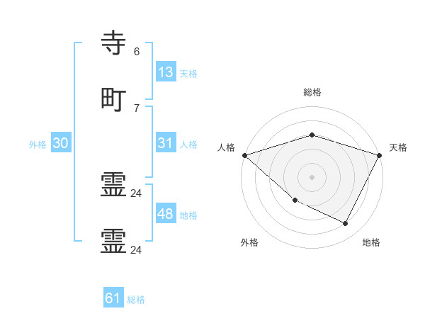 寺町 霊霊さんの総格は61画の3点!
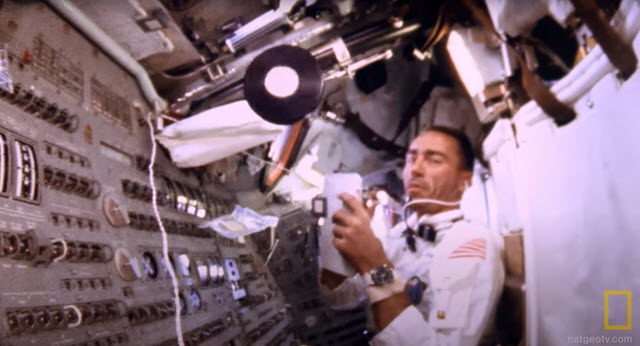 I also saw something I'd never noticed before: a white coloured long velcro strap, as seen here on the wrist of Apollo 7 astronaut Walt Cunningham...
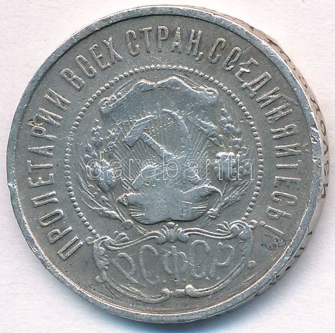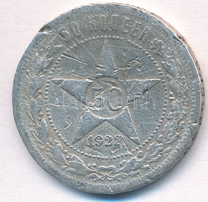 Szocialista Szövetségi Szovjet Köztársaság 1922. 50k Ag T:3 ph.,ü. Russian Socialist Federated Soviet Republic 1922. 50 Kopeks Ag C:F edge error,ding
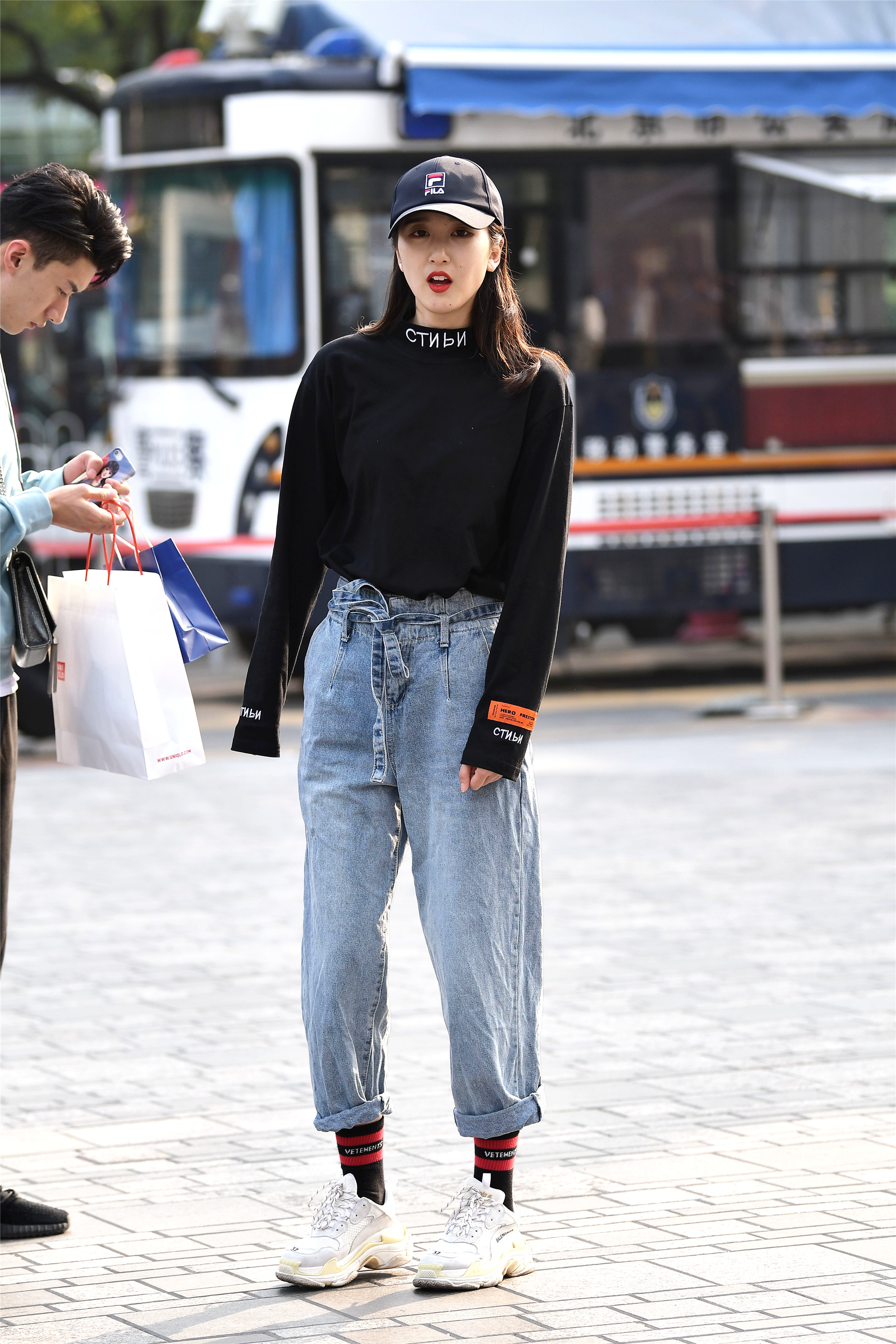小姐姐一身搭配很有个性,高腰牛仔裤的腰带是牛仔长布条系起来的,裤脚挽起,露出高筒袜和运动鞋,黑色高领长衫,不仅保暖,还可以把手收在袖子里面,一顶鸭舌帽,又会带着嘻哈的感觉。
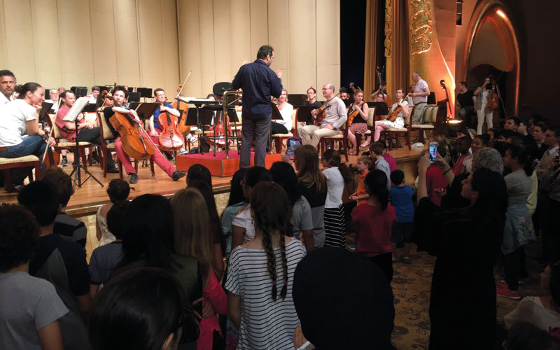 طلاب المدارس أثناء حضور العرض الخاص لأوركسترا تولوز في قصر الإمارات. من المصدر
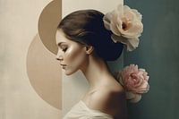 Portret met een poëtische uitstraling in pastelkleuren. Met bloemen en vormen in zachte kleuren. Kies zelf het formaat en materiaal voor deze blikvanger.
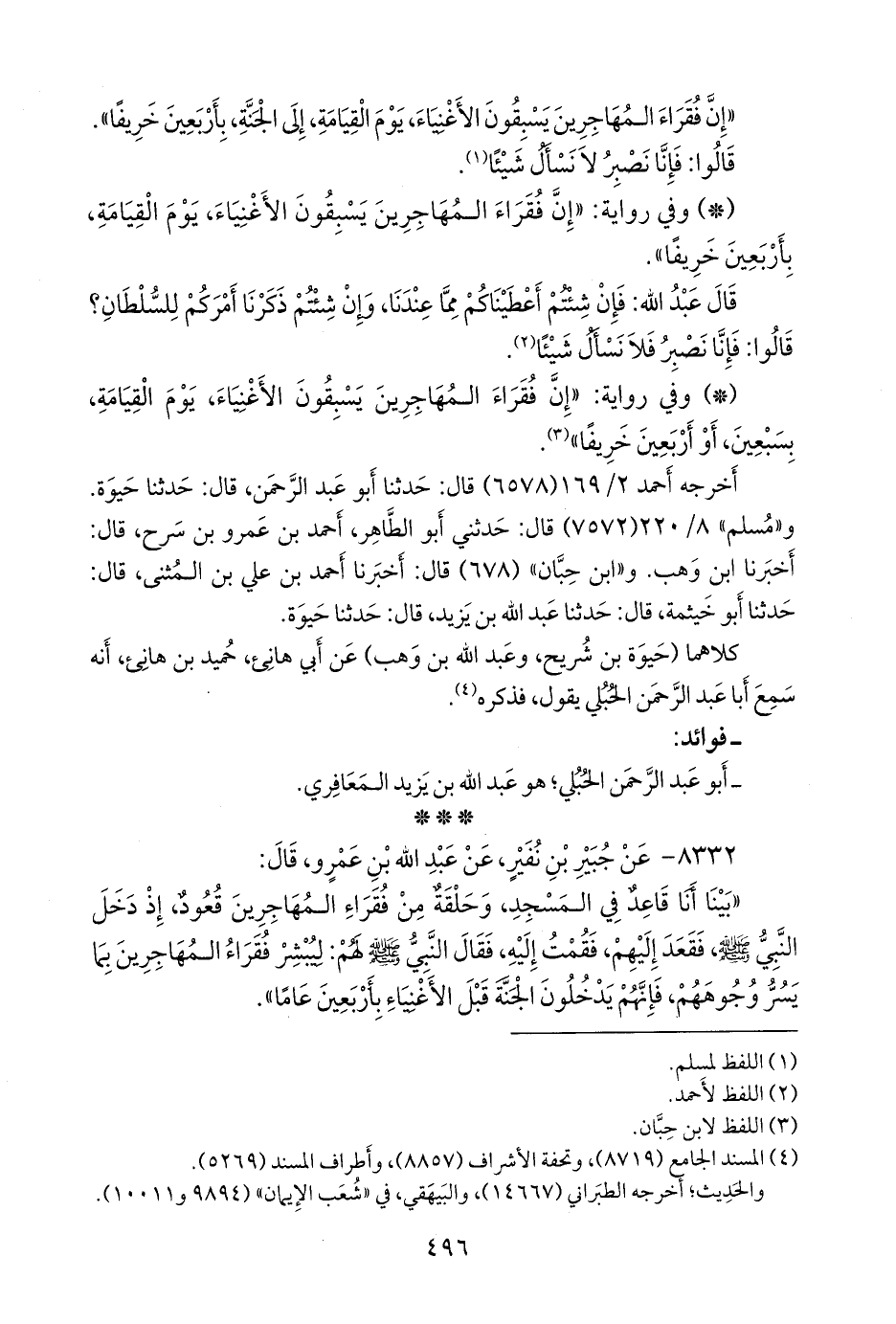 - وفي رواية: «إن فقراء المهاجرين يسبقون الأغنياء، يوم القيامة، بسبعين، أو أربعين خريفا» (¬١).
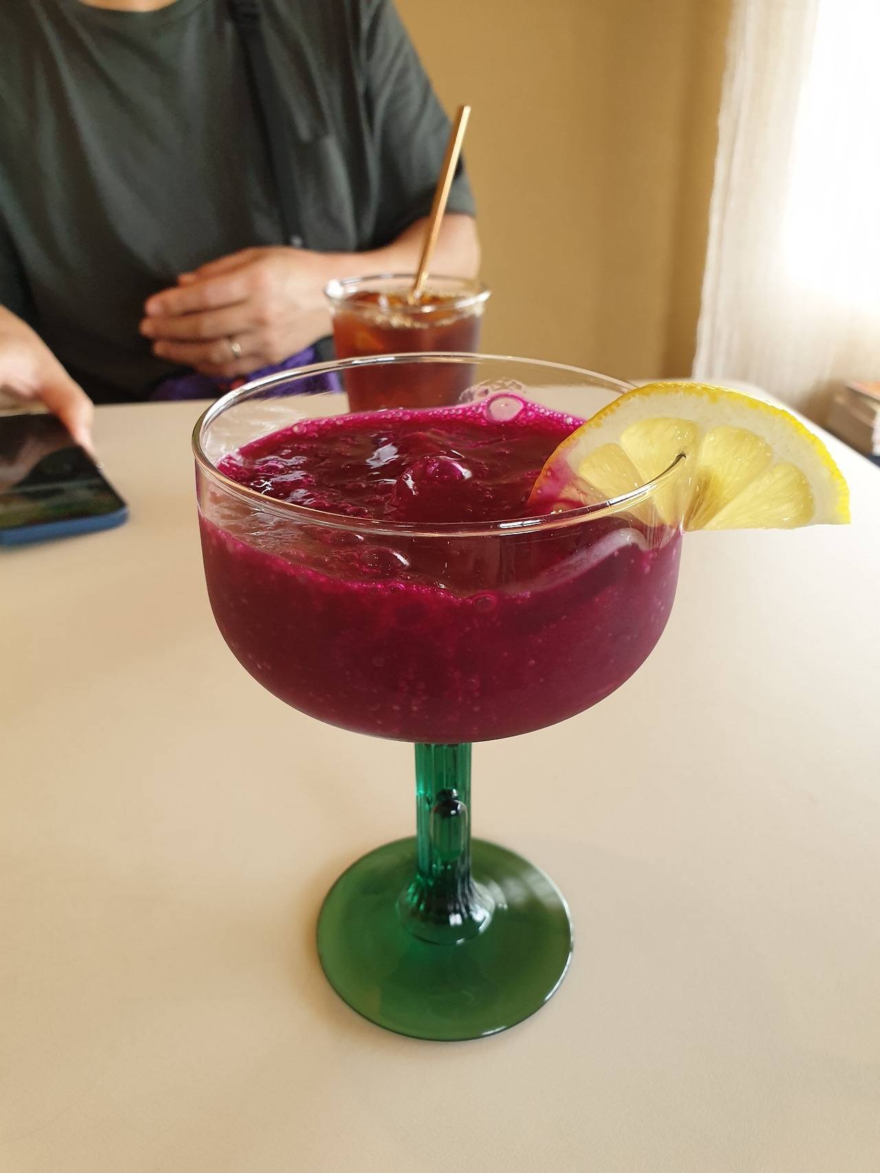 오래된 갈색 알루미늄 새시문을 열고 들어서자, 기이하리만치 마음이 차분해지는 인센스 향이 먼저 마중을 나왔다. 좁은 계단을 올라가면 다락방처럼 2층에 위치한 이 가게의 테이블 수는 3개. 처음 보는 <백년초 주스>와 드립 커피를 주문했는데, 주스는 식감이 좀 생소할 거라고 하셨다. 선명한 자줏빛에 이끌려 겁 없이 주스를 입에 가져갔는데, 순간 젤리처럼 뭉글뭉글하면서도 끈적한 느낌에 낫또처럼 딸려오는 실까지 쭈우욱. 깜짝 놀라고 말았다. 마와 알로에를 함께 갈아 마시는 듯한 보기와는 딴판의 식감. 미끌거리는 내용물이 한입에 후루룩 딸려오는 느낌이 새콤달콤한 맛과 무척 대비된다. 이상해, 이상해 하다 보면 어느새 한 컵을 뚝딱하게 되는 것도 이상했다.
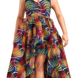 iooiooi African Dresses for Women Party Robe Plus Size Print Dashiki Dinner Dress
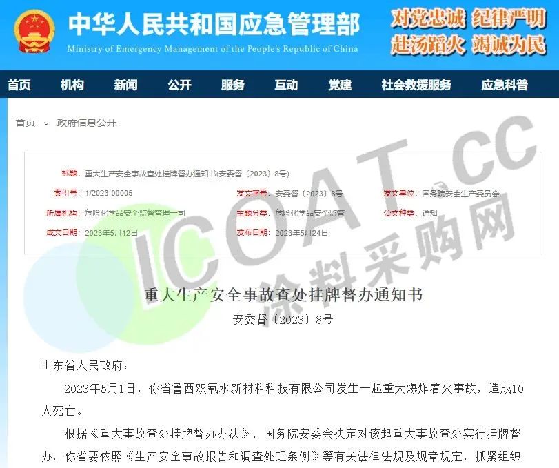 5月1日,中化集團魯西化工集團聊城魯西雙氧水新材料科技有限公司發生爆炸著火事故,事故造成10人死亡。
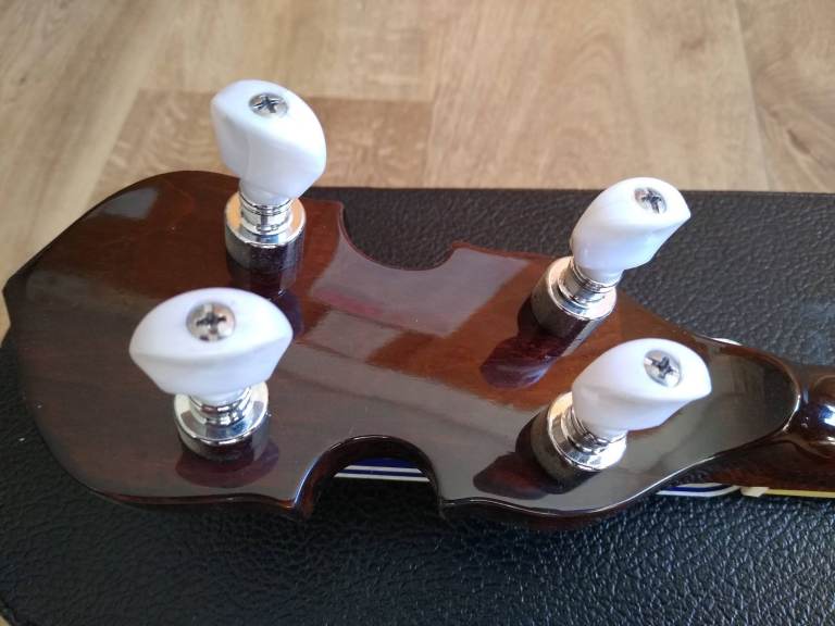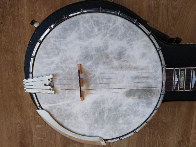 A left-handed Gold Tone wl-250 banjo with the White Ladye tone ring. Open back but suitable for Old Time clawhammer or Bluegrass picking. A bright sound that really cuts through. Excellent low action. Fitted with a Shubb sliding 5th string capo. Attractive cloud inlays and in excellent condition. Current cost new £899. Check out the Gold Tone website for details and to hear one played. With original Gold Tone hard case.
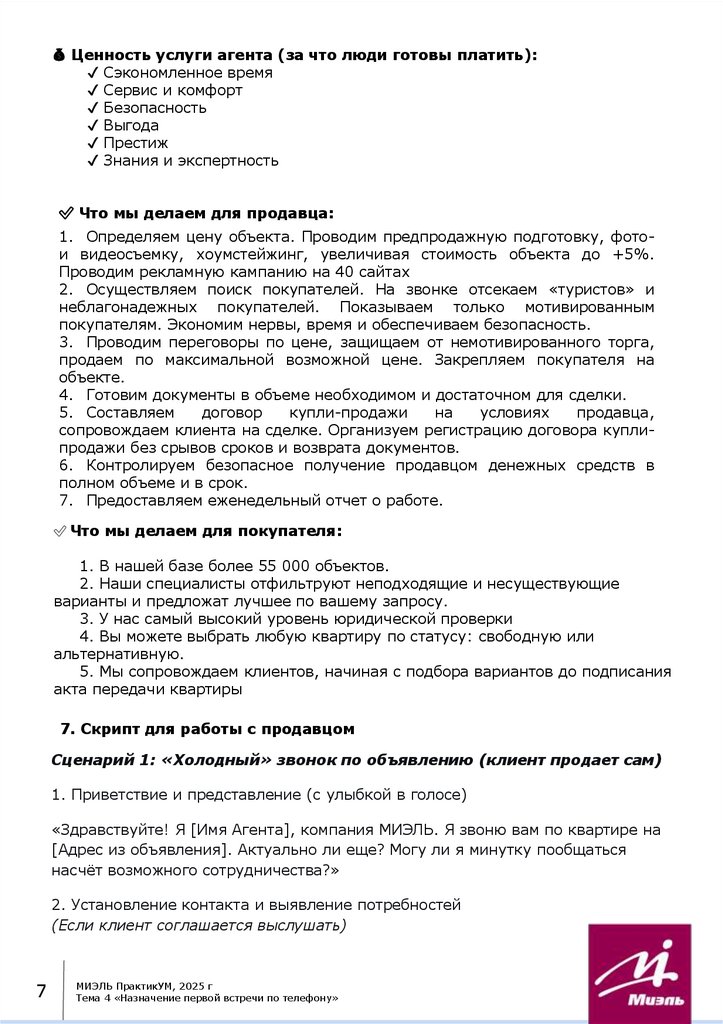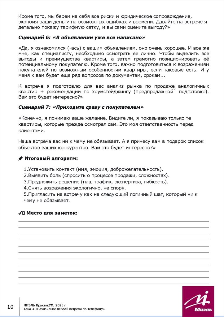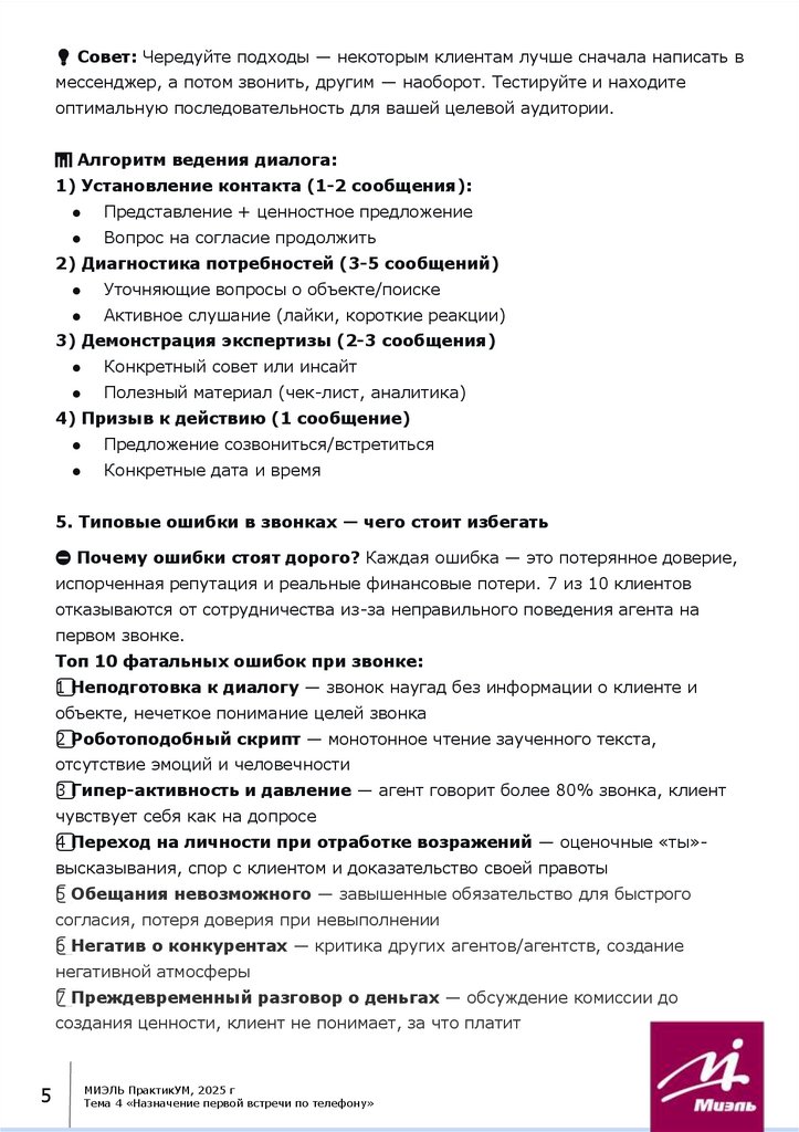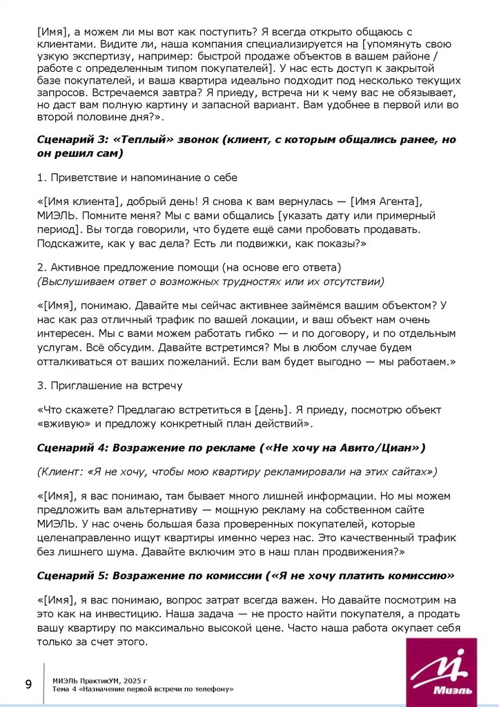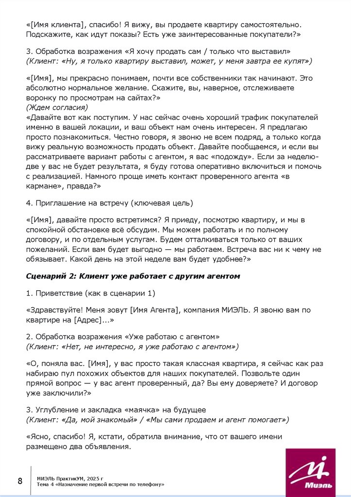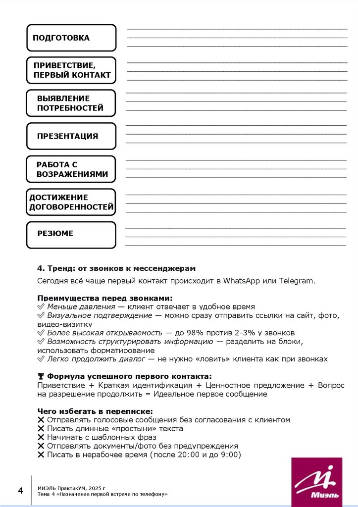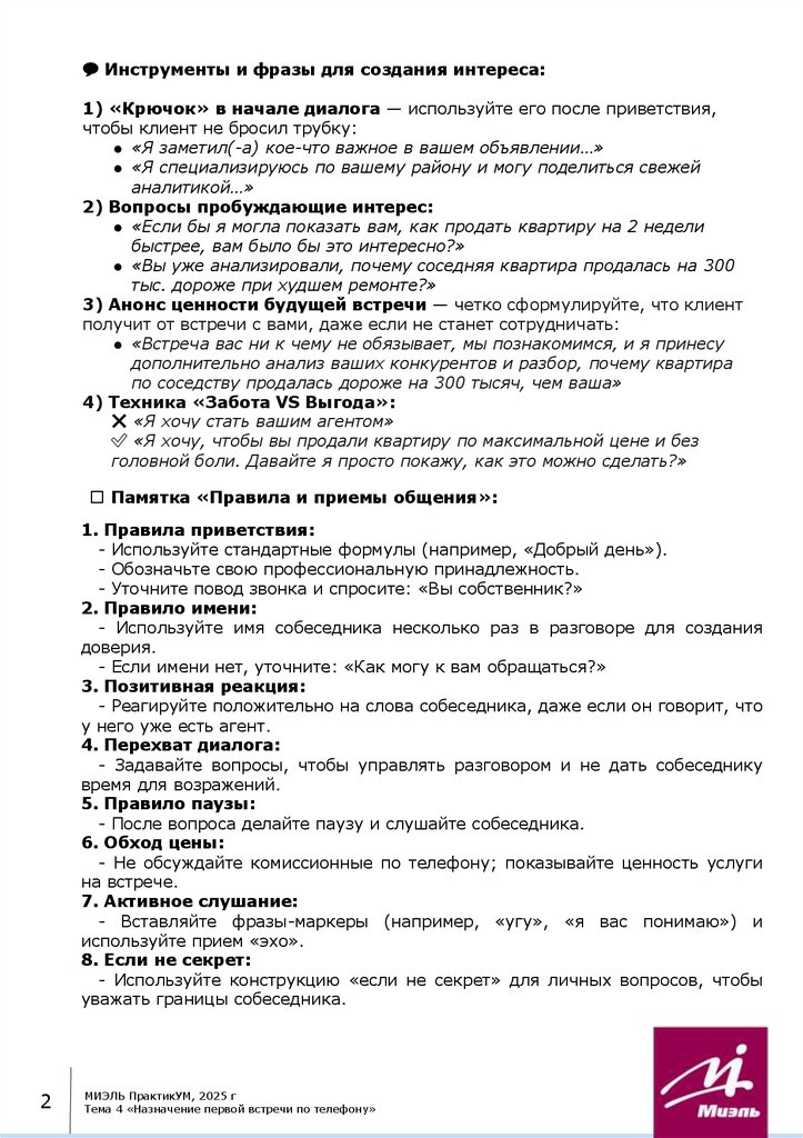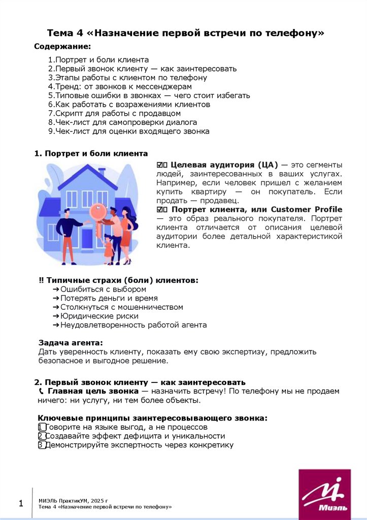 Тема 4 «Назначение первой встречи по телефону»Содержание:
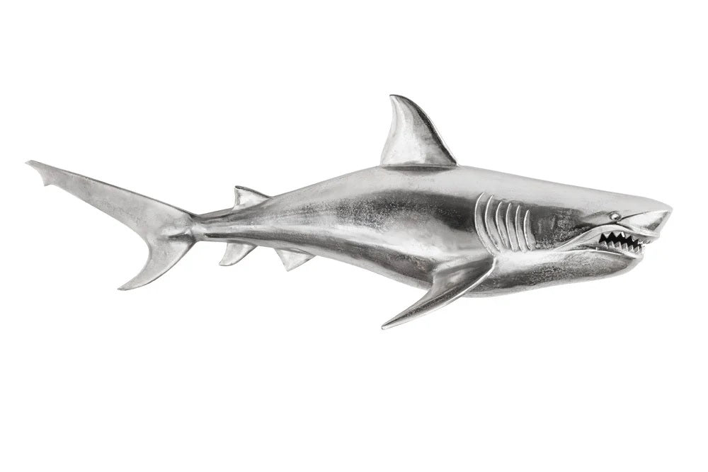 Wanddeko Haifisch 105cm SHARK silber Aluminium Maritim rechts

---

## REQUIRED WORK:
Skipping every picture, transcribe exactly the lines above from the one containing "iooiooi African Dresses" through the one containing "5月1日,中化集團魯西化工集", both included.

## ANSWER TO THE EXERCISE:
 iooiooi African Dresses for Women Party Robe Plus Size Print Dashiki Dinner Dress
 5月1日,中化集團魯西化工集團聊城魯西雙氧水新材料科技有限公司發生爆炸著火事故,事故造成10人死亡。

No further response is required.